With a regular season championship and an outright title for the SCVAL championship, the Palo Alto High School baseball team (22-6, 13-1), will enter the CCS Open Division tournament this Saturday, seeded fifth, not fourth, as a result of what Viking players say is a flawed point system.
Despite finishing two games ahead of the Los Gatos Wildcats (21-8, 11-3), and beating them in the SCVAL championship last Saturday, Paly received a lower seed and has to face the Wildcats again in the quarterfinals of CCS at 2 p.m. this Saturday at Washington Park in Santa Clara.
The team looks to win the first round of CCS, a feat the Vikings have not accomplished in the Open Division ever.
“I’m really excited for Saturday,” senior infielder Max Jung-Goldberg said. “I love playing [Los] Gatos, so getting them in the first round is going to be fun and ultra competitive.”
The CCS brackets are operated on a point system and set of bylaws, that rewards fewer points for playing teams outside the CCS section, even if the team is nationally ranked.
This season, Paly was invited to The Boras Classic of California, a state tournament that connects elite athletes, collegiate coaches and MLB scouts from all over the country. Paly won two games in the tournament, but was rewarded fewer points than others for beating teams outside its section.
“I’m not one 100-percent sure how the seeding works, but in my opinion there needs to be a change,” Jung-Goldberg said. “The fact that Valley Christian isn’t the one-seed in Open CCS, but is ranked number two in the nation makes no sense to me. We beat Gatos two-of-three times, won the the league and league tournament. Somehow they are ranked higher than us.”
This year, the CCS Board of Managers’ changed the Open Division to eight teams, instead of the normal 16 allotted spots, in hopes of eventually adding a state tournament; something CIF baseball does not currently have.
With automatic bids going to six of eight teams for being A-league champions, many top teams are eliminated from the Open division.

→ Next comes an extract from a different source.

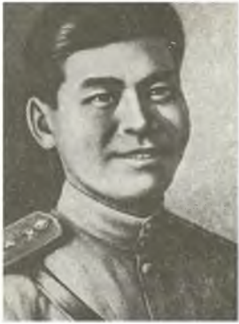
Баубек Бұлқышев атындағы жас журналистер клубының жаршысы

Газет - халықтың көзі, құлағы һәм тілі. А. Байтұрсынұв

Los Gatos enters the tournament as the four-seed. The game was previously scheduled at Los Gatos High School, but has since been relocated to a neutral site.
“Home field advantage is out of our control so I don’t think we are that worried about it,” Jung-Goldberg said. “In order to win on Saturday, we are going to have to focus on what we can control. Throwing strikes, playing catch and taking productive at bats. If we do those things and stay in the present moment, I think we put ourselves in a great position to win.”
The Vikings are hot on 12-game win streak after a walk-off win on a wild pitch in the SCVAL championships against the Wildcats.
“We always believe,” Jung-Goldberg said. “Our team doesn’t quit and we play our hearts out until the final out is made. We don’t care what the score is. We just compete.”